What the task requires: Copy word for word the lines of the records below, beginning at the one with "Pack of 1 LED" and finishing at the one with "Spendenmarke zur Bekleidung", ends included, but none of the pictures.

Excerpted records:
--- --- ---
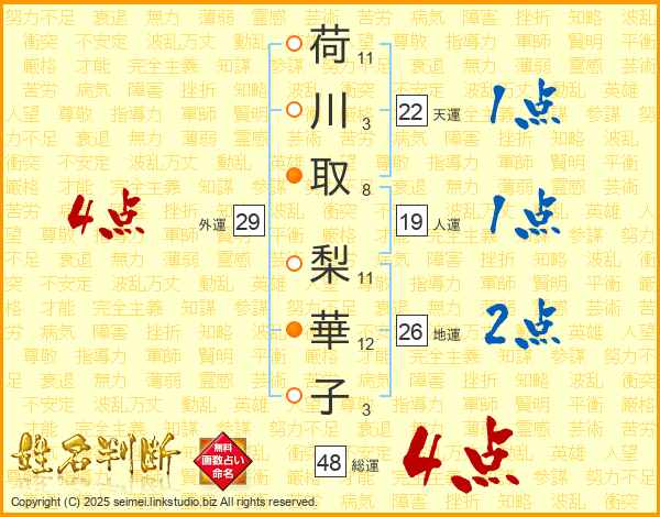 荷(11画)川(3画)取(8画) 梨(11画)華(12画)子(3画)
--- --- ---
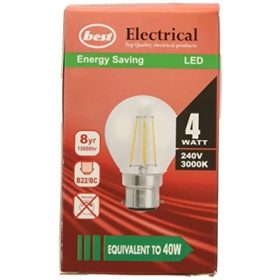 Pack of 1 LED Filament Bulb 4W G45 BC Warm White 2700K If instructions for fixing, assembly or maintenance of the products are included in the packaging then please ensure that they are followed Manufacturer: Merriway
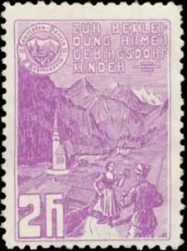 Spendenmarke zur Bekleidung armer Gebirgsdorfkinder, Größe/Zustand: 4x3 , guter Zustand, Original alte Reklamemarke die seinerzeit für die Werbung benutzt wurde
--- --- ---
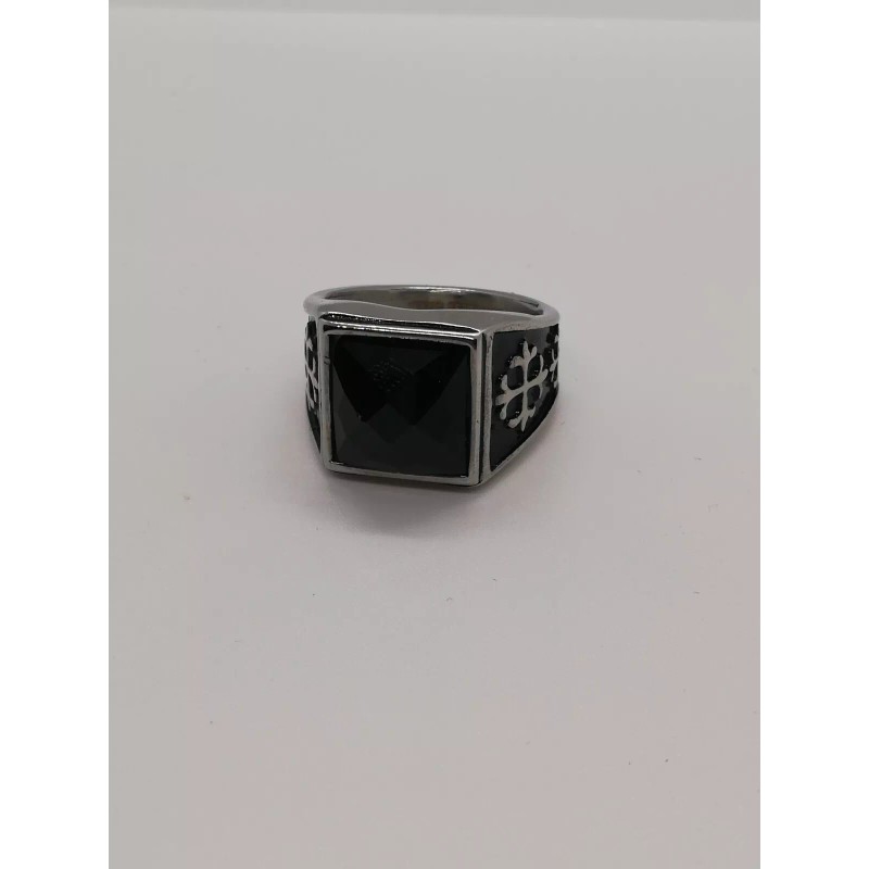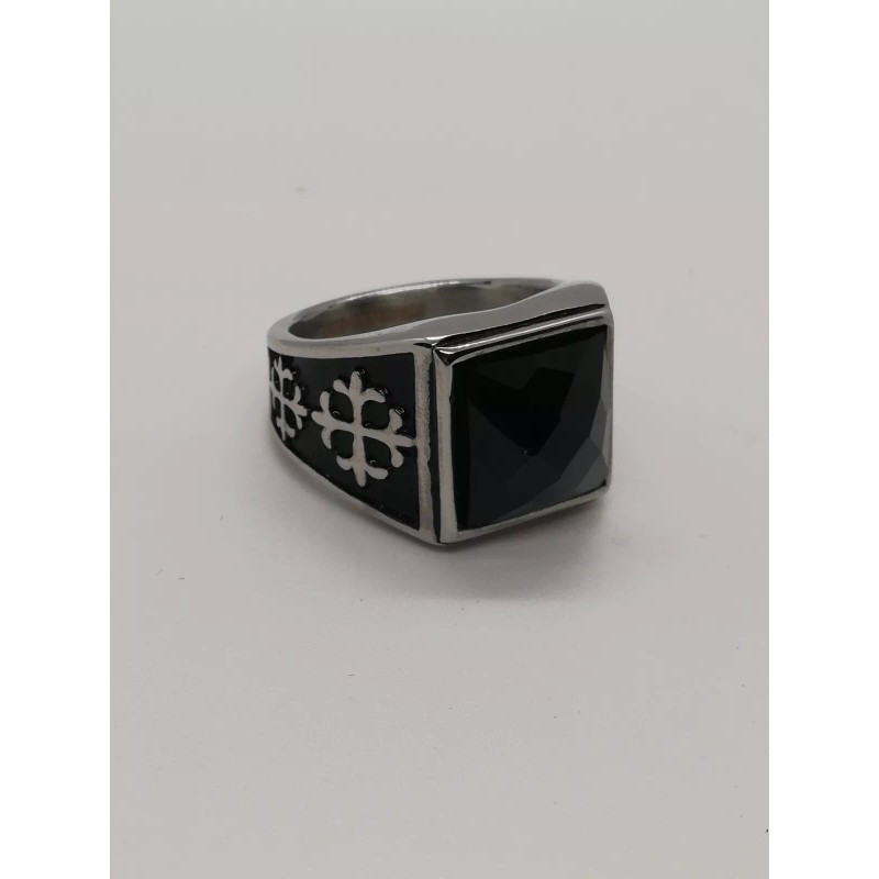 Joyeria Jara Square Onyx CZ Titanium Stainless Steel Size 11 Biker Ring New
--- --- ---
Reply to the task:
 Pack of 1 LED Filament Bulb 4W G45 BC Warm White 2700K If instructions for fixing, assembly or maintenance of the products are included in the packaging then please ensure that they are followed Manufacturer: Merriway
 Spendenmarke zur Bekleidung armer Gebirgsdorfkinder, Größe/Zustand: 4x3 , guter Zustand, Original alte Reklamemarke die seinerzeit für die Werbung benutzt wurde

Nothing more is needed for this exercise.